I reach for the zipper of my sleeping bag and peel the cocoon open, wincing at the pain in my arm. It’s my IV, biting into the skin in my elbow. I follow the line to the IV device docked to the wall and pop the cover open. The bag inside is almost depleted, but I have no idea if this is my first bag or not.

Pushing myself across the room, I hit the lights with my left elbow, and the room’s illumination comes up to fifty percent. The call button blinks at me, so I depress it with my elbow as well.

Please be advised that we’re being approached by unknown ships. The voice of the captain is time stamped as of three minutes ago, nearly sixteen hours after my lunch fight in the mess hall. I’ve been out for a while. Ayame's probably already been here, slept, and been back to work by now.

I unwrap my right hand and flex it. My fingers ache, but the swelling is gone. Good. That means I don’t need the IV anymore. I strip off the medical tape and extract the needle from my own arm. Watching the metal come out of my skin makes my head whirl, so I look away.

What the hell are you doing? Kazuo Uchiyama, my family’s resident ex-assassin and head of security, floats in the doorway.

I chuck the IV line away from me and put pressure on the puncture site. What do you mean, what am I doing? I’m obviously getting ready for something big. I wave at the flashing lights. He brings the control panel to life and taps until the flashing lights cease. Thank you. I was afraid they’d bring back my migraine, and I have work to do.

Please, Yumi, you know you’re confined to quarters.
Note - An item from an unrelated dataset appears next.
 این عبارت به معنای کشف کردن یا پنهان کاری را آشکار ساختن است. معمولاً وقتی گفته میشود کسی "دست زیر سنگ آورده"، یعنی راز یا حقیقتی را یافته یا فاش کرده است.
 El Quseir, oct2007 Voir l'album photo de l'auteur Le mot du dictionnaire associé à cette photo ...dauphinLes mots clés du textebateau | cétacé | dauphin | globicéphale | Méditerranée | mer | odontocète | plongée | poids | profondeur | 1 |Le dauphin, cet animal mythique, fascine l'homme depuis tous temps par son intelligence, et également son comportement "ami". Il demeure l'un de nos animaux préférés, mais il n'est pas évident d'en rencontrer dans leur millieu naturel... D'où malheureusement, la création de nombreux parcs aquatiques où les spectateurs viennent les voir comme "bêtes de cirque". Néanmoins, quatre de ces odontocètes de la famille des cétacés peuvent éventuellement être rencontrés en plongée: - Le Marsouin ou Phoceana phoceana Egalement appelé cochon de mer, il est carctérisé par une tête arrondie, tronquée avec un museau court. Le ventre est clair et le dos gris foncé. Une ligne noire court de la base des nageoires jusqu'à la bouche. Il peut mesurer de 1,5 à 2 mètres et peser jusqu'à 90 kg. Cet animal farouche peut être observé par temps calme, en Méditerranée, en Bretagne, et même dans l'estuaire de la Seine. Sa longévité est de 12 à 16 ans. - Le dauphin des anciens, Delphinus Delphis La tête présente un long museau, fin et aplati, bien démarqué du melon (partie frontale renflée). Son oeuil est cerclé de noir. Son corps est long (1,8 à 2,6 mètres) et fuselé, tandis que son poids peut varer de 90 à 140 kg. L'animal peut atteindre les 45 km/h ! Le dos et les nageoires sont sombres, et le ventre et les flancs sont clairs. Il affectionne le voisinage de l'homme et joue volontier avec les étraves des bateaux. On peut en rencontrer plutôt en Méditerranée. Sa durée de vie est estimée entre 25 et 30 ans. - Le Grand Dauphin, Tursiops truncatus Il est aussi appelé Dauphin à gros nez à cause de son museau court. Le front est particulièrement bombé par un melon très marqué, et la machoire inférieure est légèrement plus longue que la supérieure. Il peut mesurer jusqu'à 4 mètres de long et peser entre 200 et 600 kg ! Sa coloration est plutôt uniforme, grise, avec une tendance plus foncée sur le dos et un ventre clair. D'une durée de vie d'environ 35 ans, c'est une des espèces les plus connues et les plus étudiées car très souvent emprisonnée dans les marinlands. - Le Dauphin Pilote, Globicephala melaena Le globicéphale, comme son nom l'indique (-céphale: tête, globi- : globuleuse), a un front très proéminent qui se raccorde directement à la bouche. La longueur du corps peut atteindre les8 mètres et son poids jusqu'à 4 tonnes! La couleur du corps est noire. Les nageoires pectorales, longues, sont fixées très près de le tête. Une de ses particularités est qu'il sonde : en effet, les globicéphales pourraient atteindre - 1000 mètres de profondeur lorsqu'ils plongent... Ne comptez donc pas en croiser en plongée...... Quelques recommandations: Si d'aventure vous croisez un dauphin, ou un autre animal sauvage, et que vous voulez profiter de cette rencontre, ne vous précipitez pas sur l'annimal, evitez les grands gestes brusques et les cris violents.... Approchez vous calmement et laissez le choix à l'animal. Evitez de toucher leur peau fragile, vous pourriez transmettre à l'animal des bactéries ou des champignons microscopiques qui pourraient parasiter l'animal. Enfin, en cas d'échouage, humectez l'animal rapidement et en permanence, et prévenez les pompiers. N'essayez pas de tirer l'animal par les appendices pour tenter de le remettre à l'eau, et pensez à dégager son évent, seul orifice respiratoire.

Kazuo tends to baby me as if we’re twenty years in the past. When I was just a kid, he used to carry me on his shoulders, and I would grab his long hair and pretend to ride him like a horse. Now his hair is short and shaggy, floating around his head in zero gravity. He’s not an old man, but forty-eight is ancient to me. He’s always been the one who was involved in my life, more than Dad. Dad had meetings to attend and trips to go on. Kazuo is more of a father. I have a lot of guilt over that.

I wave him off. Confined to quarters? What does that even mean? I smirk at my own brand of humor.
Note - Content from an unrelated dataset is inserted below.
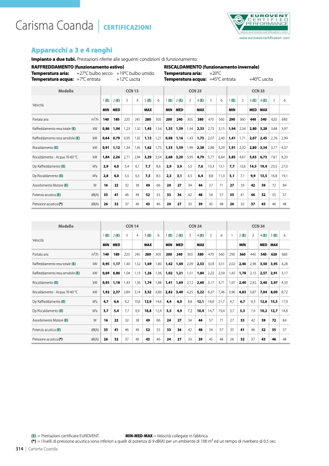 Impianto a due tubi. Prestazioni riferite alle seguenti condizioni di funzionamento:

It means you have to stay here. Unless you have to go to the bathroom. He angles his head at me and the IV floating behind me.

I pause in the motion of getting my tablet. This tablet is my baby, specially made with a high definition 360-degree camera that can detach and go anywhere within a two-kilometer range. I was the first to get the prototype. Pretty much all technological advancements are made in my hometown on Orihime and kept there. Yamato is the center of advanced technology on my world. Everywhere else on the continent is trying to come out of the stone ages.
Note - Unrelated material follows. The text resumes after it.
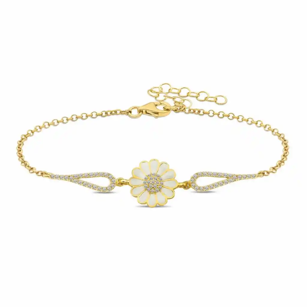 Papatya çiçeği, temiz sevgi anlamını ifade eder. En büyük özelliklerinden biri her sapında bir tane olmasıdır. Bu güzellik tasarlanarak ortaya çıkan bu ışıl ışıl bileklik, zirkon taşlarla süslenmiştir... Bu şık bileklik; doğum günü hediyesi, sevgililer günü hediyesi veya annelere hediye olarak özel günlerde tercih edilebilecek mükemmel bir seçenektir. Gümüş gold papatya bayan bileklik 925 ayar gümüşten imal edilmiştir. Bu bileklik üzerinde rose altın kaplama yapılmıştır. Rose altın kaplama yapılan ürünler parlaklığını uzun süre muhafaza eder. Üzerinde bulunan taşlar zirkon"dur. Tüm gümüş bayan bileklik modellerinde olduğu gibi gümüş gold papatya bayan bileklik modeli de el emeği ile üretilmiştir. Gümüş ve değerli taşlar nedeniyle belirtilen ortalama ürün ağırlığında ± %10 sapma olabilmektedir.

Right. I do have to pee. I slip the tablet into the front pocket of my flight suit. I hate wearing the stupid thing, so I wear it over a pair of shorts and a t-shirt.

You know what I think happened? Kazuo asks, coming forward to grab my arm. You had to go to the bathroom, so you left your quarters. And while you were in the bathroom, the warning bells went off, and you thought you had to report for duty.

My head clears in a flash. Yeah. Yeah. That’s definitely what happened.

It’s a good thing you also pulled back your hair, grabbed your knife, and put on your boots too before you left.

I utter a rueful laugh as my boots come floating towards me. I thought you’d be mad at me. Haven’t you saved me from enough scrapes already? I open my locker, pulling out my favorite knife, the only weapon I could bring on the mission. We’re allowed only one personal weapon, and it has to be stored unless the ship is at battle stations.

He shrugs. You’re not half as bad as I was as a kid, you know that. And what you do actually helps people whereas Gen is just a sadistic bastard who loves to insult people and watch them squirm. He puts the IV back in its dock. I’m pretty sure he tortures animals in his spare time.

I shudder to think it. Animals are our most sacred treasure on Orihime. If this mission to Hikoboshi hadn’t been my destiny, I would have the animal-translation chip and be paired with my own animal back home. Instead, I’m here doing my life’s work.

Or trying to.

Let’s move, Kazuo says, pushing me to the door.